Give all of the data below again exactly, and drop the images.

**AVAILABLE DATA**
_ _ _ _ _
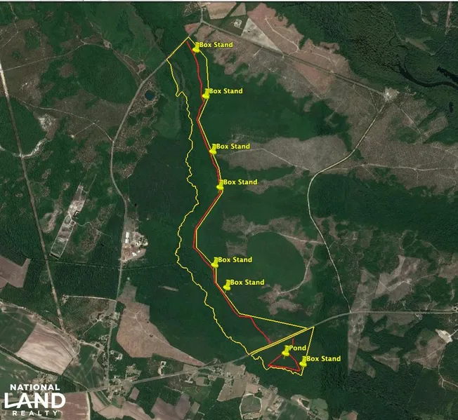 Colly Creek offers 316+/- acres with incredible access, creek frontage, a fishing pond, food plots, shooting lanes, box stands, and paved road frontage! Launch your kayak or duck boat and float, fish, and hunt over 2.5 miles of water access! Ducks, Deer, Turkey, and Bear! Nearly 3 miles of roads carry you completely across the property from HWY 210 to HWY 53. Internal roads are already established and UTV-ready! 40+ acres have been cleared and include a stocked fish pond with an automatic fish feeder. The Colly Creek Tract is conveniently located just 35 min. from Wilmington- tracts of this size and location rarely come to market. Want to have a hunting cabin? A 2,000+/- sq ft log cabin and 180+/- additional contiguous acres can be added. Call Cailein for your private showing!
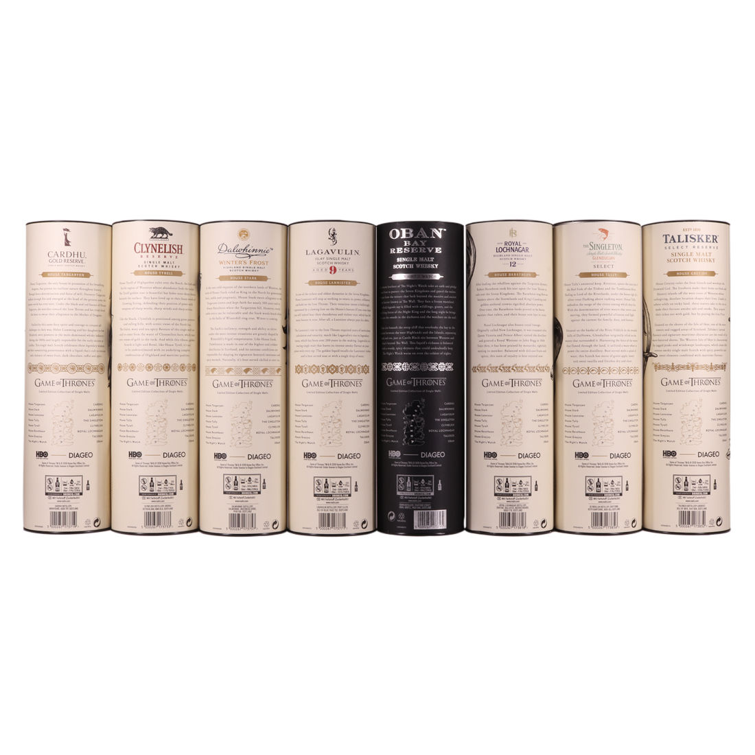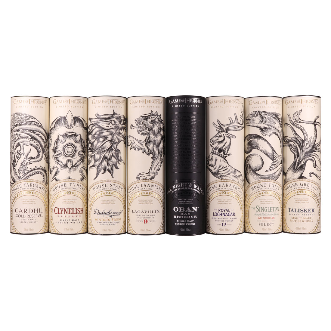 Each of the Game of Thrones Scotch whiskies has been paired with a particular house from the seven kingdoms in the television series, plus the Night’s Watch guard.
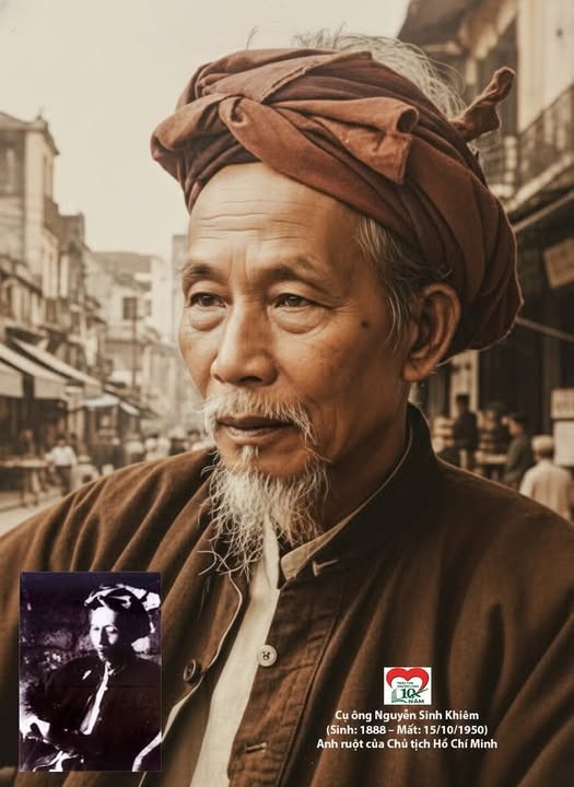 Ảnh đính kèm: Chân dung cụ ông Nguyễn Sinh Khiêm – người anh ruột của Bác Hồ lúc sinh thời, vừa được “Trái tim người lính” phục dựng màu từ ảnh đen trắng.
_ _ _ _ _
**TASK RESPONSE**
 Colly Creek offers 316+/- acres with incredible access, creek frontage, a fishing pond, food plots, shooting lanes, box stands, and paved road frontage! Launch your kayak or duck boat and float, fish, and hunt over 2.5 miles of water access! Ducks, Deer, Turkey, and Bear! Nearly 3 miles of roads carry you completely across the property from HWY 210 to HWY 53. Internal roads are already established and UTV-ready! 40+ acres have been cleared and include a stocked fish pond with an automatic fish feeder. The Colly Creek Tract is conveniently located just 35 min. from Wilmington- tracts of this size and location rarely come to market. Want to have a hunting cabin? A 2,000+/- sq ft log cabin and 180+/- additional contiguous acres can be added. Call Cailein for your private showing!
 Each of the Game of Thrones Scotch whiskies has been paired with a particular house from the seven kingdoms in the television series, plus the Night’s Watch guard.
 Ảnh đính kèm: Chân dung cụ ông Nguyễn Sinh Khiêm – người anh ruột của Bác Hồ lúc sinh thời, vừa được “Trái tim người lính” phục dựng màu từ ảnh đen trắng.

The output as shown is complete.